A Hewlett Packard internal report has shown that men will apply to a position with just 60% of the requirements and qualifications, while women typically wait until they meet 100%. This creates a gender disparity when individuals begin to climb the corporate ranks.
You don’t need me to tell you this, but there isn’t an intrinsic lack of ambition in women. A variety of social factors contribute to this inequality and hesitation with regards to applying for jobs. Women face more social repercussions when negotiating their raises, often have to consider a company’s policies for working mothers and maternity leave and statistics show that employers expect male candidates to outperform women before considering an applicant’s qualifications, not to mention the variety of workplace power dynamics and microaggressions embedded in the experience of being a female professional.
Even before arriving at these institutional roadblocks, many women must face the limitations they impose upon themselves.
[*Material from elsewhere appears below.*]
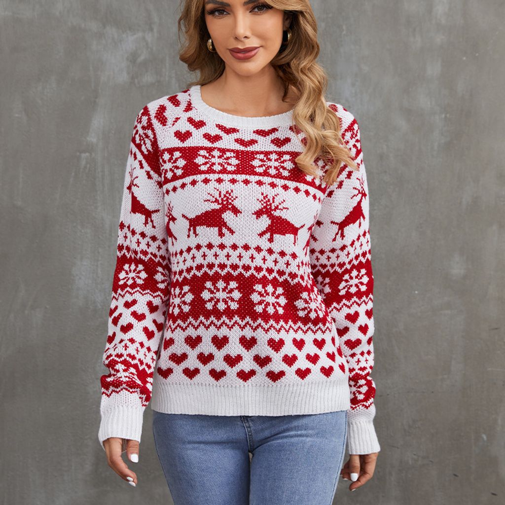 - Red Jacquard Christmas Sweater Style / S

Many of us grow up in social environments where we develop internalized misogyny, self-defeating thoughts, guilt for having ambition, and an entirely different understanding of ego than the men in our culture.
For hundreds of years, self-sufficiency wasn’t considered a quality that women could possess, and we still see the ramifications of this mentality today through the perpetuation of gender roles in and outside of the workplace and in the behaviors that we, as a society, choose to reward or punish in women. To counteract this corporate gender paradigm, we need a thoughtful, constructive set of changes at the institutional level, along with mindful internal ways of rejecting the insecurities ingrained in us as women.
In Linda Nochlin’s famed 1971 essay, “Why Have There Been No Great Women Artists?” Nochlin interrogates the issue of seeking out some inherent inadequacy in women that stunts their professional growth, whether that be talent, ambition, or genius, and instead frames the female experience within a sociocultural context, “by stressing the institutional, rather than the individual, or private preconditions for achievement or lack of it (…)”
Recognition drives us to succeed. We respond to the conditions of our workplace culture – many of which need to change at a socio-structural level not to accommodate women, but to enable all genders to reach their full potential. The Harvard Business Review notes the importance of recognition as a “motivational engine” that many women don’t receive on par with men in their early development.
With this, I stress the importance of having high-powered female colleagues, role models, and mentors. Leadership visibility is essential, as is representation. The interweaving of workplace changes that enable women to succeed, combined with the psychosocial push that “lean-in” feminism encourages, is crucial to seeing this cultural paradigm shift. Applying early and often – putting yourself out there and chasing your ambition exactly as your male colleagues are goes beyond serving your individual goals. It paves the way for the next generation of female professionals to change corporate culture and our culture at large.